I just came across a so called ‘slave contract’. lol
For BDSM. Yep. It did appear on the Fifty Shades of Grey.
Wow. When I started to type “Fifty Shades of Grey contract” into google, it does suggest words like “text” “pdf” “word doc”. Really? Oh nooo. So people want to copy that contract that appeared in the novel/movie?
The one I saw was all about the dom/master side. What the sub will do, how she should please the dom, and that by signing, the sub agrees that any acts between them are consensual.
In one sense, it may be a turn on for the sub, that she is going into this bdsm ‘relationship’. Imagination flowing from what’s written.
Once….very long time ago, one of a dom who was a lawyer wrote it for me, but we both knew it was all for fun. I won’ t probably waste my time to write one up although I can. (Has any sub written one? Has any sub written one and demanded the dom to sign it without any change allowed like this dom? haha. that could be fun. Speak about topping from bottom! Should I try? lol no. I think I would only select a dom who may give it back to me with mark-ups. And we won’t stop going back and forth )
The contract is not enforceable anyway. Even if it says everything done is consensual, the police, the court and prosecutors can toss that out so easily. At least in England and in Australia. The Criminal law will override it too. There are certain human rights provisions that apply too. So bad news for doms who wants to rely on it when they step over the set boundaries.
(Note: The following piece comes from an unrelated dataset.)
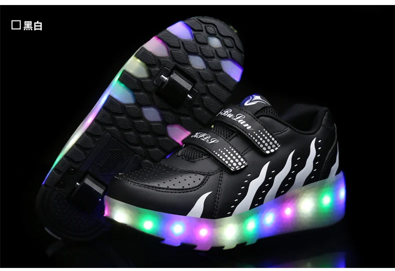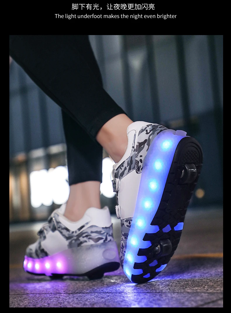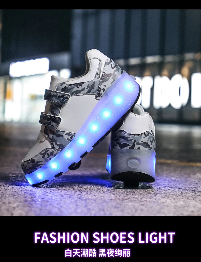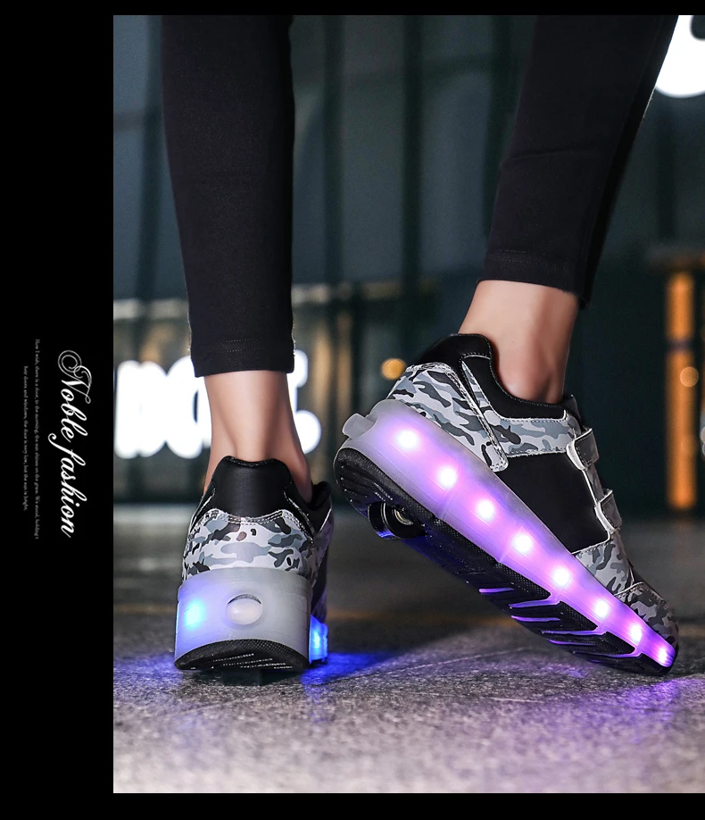 Детские светящиеся кроссовки с двумя колесиками, легкая обувь для р...

It ‘may’ be useful for 24/7 relationship to define where the BDSM relationship starts and ends, and pauses.
I told this sub, no. This isn’t want you want to agree with dom in writing. No need to be in a contract form. It was also one way contract. To be signed only by the sub. Mmmm. So there is a contract with additional places where the sub can add info but dom doesn’t have to sign? Let’s not get into the contract law argument. Should I make an exam piece from this? (no, I won’t…but it’s tempting but I might lose the job….or will I? Contract law or criminal law?).
What sub needs to do, is:
- agree on safe word(s); gestures;
- work on hard limits – what you don’t want to be done.
- what you want to be done – probably start from here, and discuss thoroughly. Thoroughly meaning, includes what you mean by ‘rough”, ‘hard’ etc. Emotional limits. Emotional limits, meaning, if it’s something that may trigger your trauma, put in the hard limit category. Medical limits?
- What will you call each other?
- (whichever sexually active partner should get) tests.
- Any allergies?
I would rather suggest using a BDSM checklist of a sort, both the dom and the sub filling it and seeing where both people’s mind agree, and where there aren’t an agreement. You (sub) may have some activity that she has dreamt of, but dom may not have an experience, so in that case, both of you need to take it slowly.
It’ll be easier if both of you sit together and discuss in detail and take a note of it. As I said above, not every word means the same thing. ‘Rough’ means apple to dom and ‘rough’ means orange to sub. There is no meeting of minds here.
If you are a beginner, before going into the first session, discuss what is going to happen in the first session. Ask him to describe it. For example, if the dom says I want to tie you hands in the back. You may say to him, Ok but you have to be careful about my shoulder as I have an old injury. Is there going to be sex involved? Ask him to wear a condom. Ask him to take it slowly.
A dom says ‘let’s play it by ear’. OK for an experienced dom and an experienced sub. Like…I haven’t decided if I want bruising from a spanking/belt /cane (usually do), but depends on the night and I trust and know I can stop the dom, at any time so no issues for me.
Oh by the way, nothing to do with the BDSM contract, but once there was someone who wanted me to sign a non-disclosure contract. If anything, it needs to be mutual contract. Not one way.